ASSIST RESEARCH PRACTICE MANAGER
School of Medicine:
Established in 1930, Duke University School of Medicine is the youngest of the nation’s top medical schools. Ranked tenth among its peers, the School takes pride in being an inclusive community of outstanding learners, investigators, clinicians, and staff where traditional barriers are low, interdisciplinary collaboration is embraced, and great ideas accelerate translation of fundamental scientific discoveries to improve humanhealth locally and around the globe.
Comprised of 2,400 faculty physicians and researchers, the Duke University School of Medicine along with the Duke University School of Nursing and Duke University Health System create Duke Health. Duke Health is a world-class health care network. Founded in 1998 to provide efficient, responsive care, the health system offers a full network of health services and encompasses Duke University Hospital, Duke Regional Hospital, Duke Raleigh Hospital, Duke Primary Care, Private Diagnostic Clinic, Duke Home and Hospice, Duke Health and Wellness, and multiple affiliations.

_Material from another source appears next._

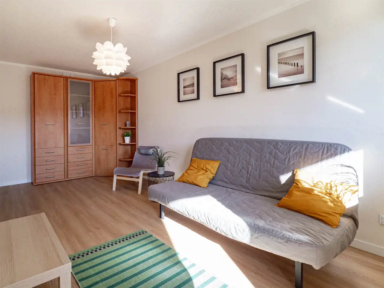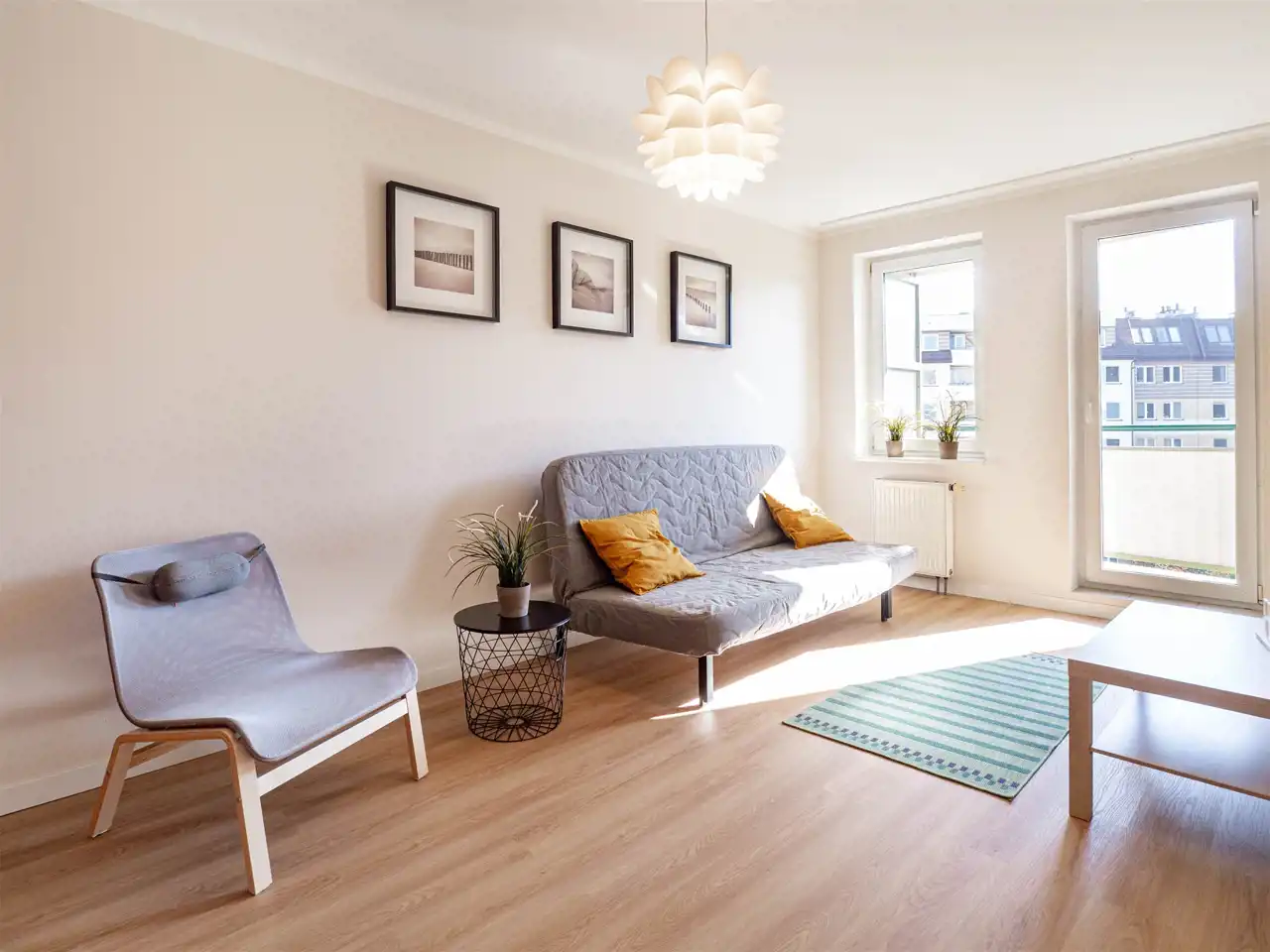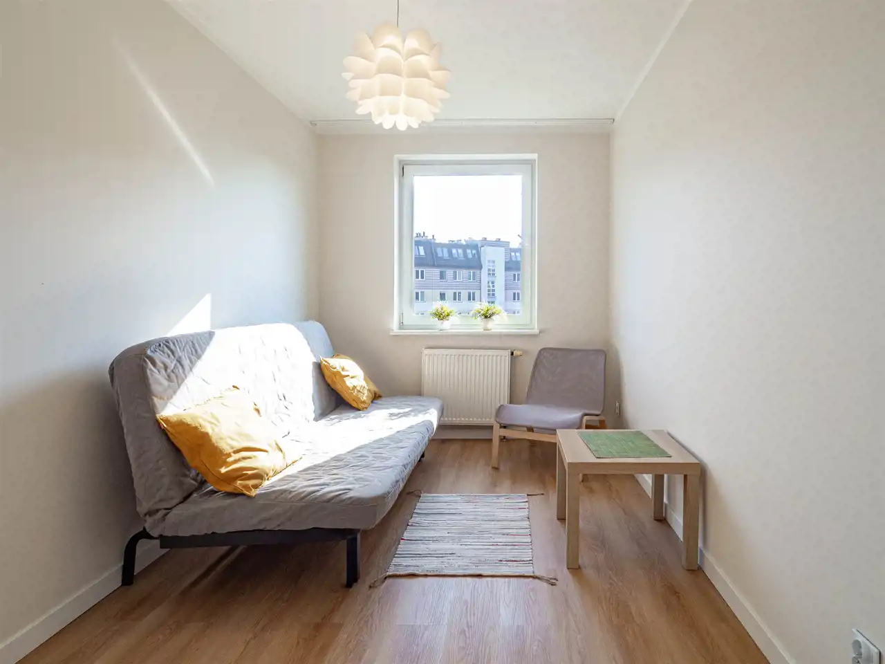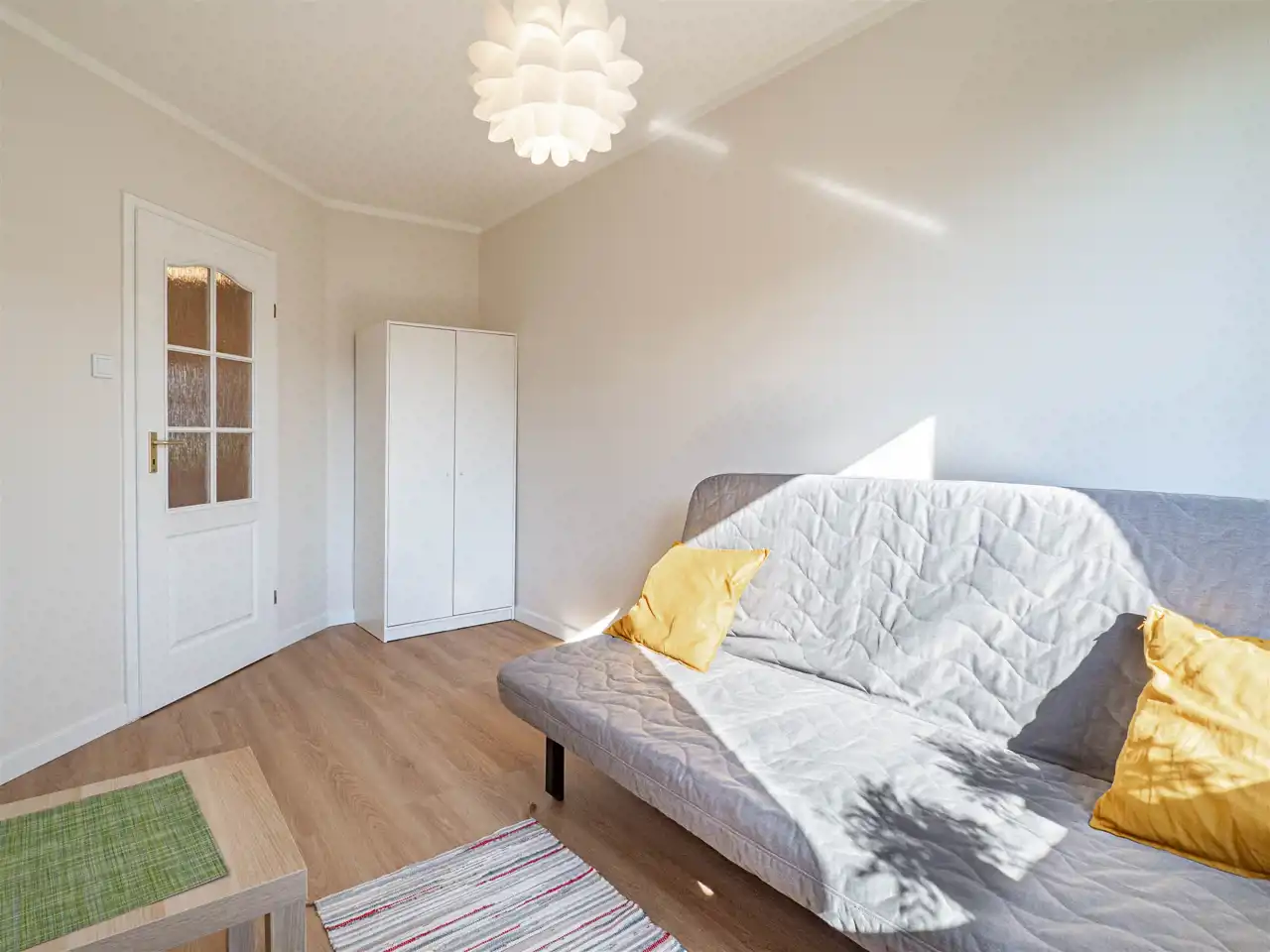 Mieszkanie znajduje się na 4 piętrze w budynku z windą. Jest w pełni umeblowane i wyposażone we wszystkie niezbędne sprzęty, gotowe do natychmiastowego zamieszkania. Dodatkowo, w mieszkaniu dostępne są udogodnienia takie jak odkurzacz, żelazko, deska do prasowania i suszarka do prania.

Responsible to the Research Practice Manager (RPM) for oversight of study conduct for research studies within the assigned division(s) or cluster(s). Assist the RPM in the day-to-day management of CRU operations and people. Ensure that clinical research professionals and investigators are appropriately trained and performing activities in accordance with good clinical practice, CRU standards, institutional policy, and regulatory requirements. Assist in providing operational and study conduct metrics/reports to RPM.

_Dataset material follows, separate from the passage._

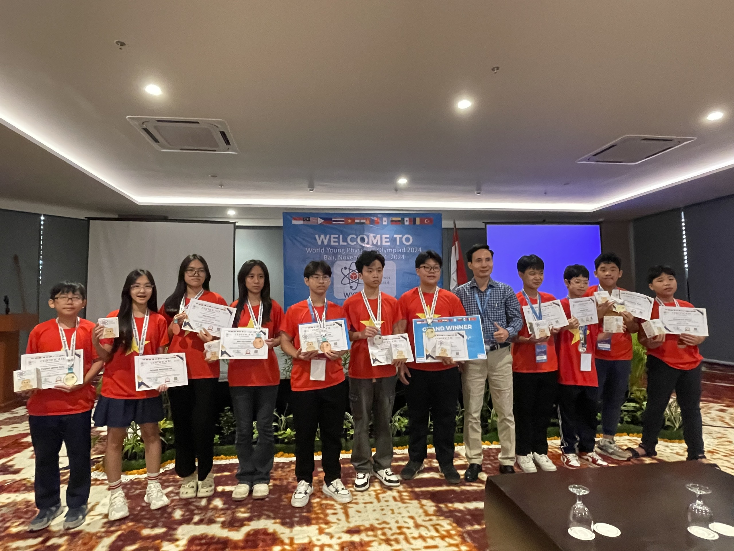 Tại Kỳ thi Olympic Vật lý trẻ thế giới WYPO 2024, học sinh Việt Nam đạt: 1 quán quân, 4 Huy chương Vàng, 3 huy

Specifically within the Department of Medicine CRU, the Assistant Research Practice Manager (ARPM) is assigned to a team consisting of a number of divisions (or affiliates) within the Department of Medicine (DoM). The ARPM works closely with the financial staff to act as a clinical resource and help the team achieve project startup within the desired timeline. The DOM ARPM also works closely with the lead coordinator (RPL, divisional ARPM, Sr. CRC, etc.) in each division providing upper level management across the entire study team to ensure accountability for timely project progression and metrics are met as well as regulatory compliance. The ARPM will assist with operational and oversight duties within the assigned team as delegated by the RPM.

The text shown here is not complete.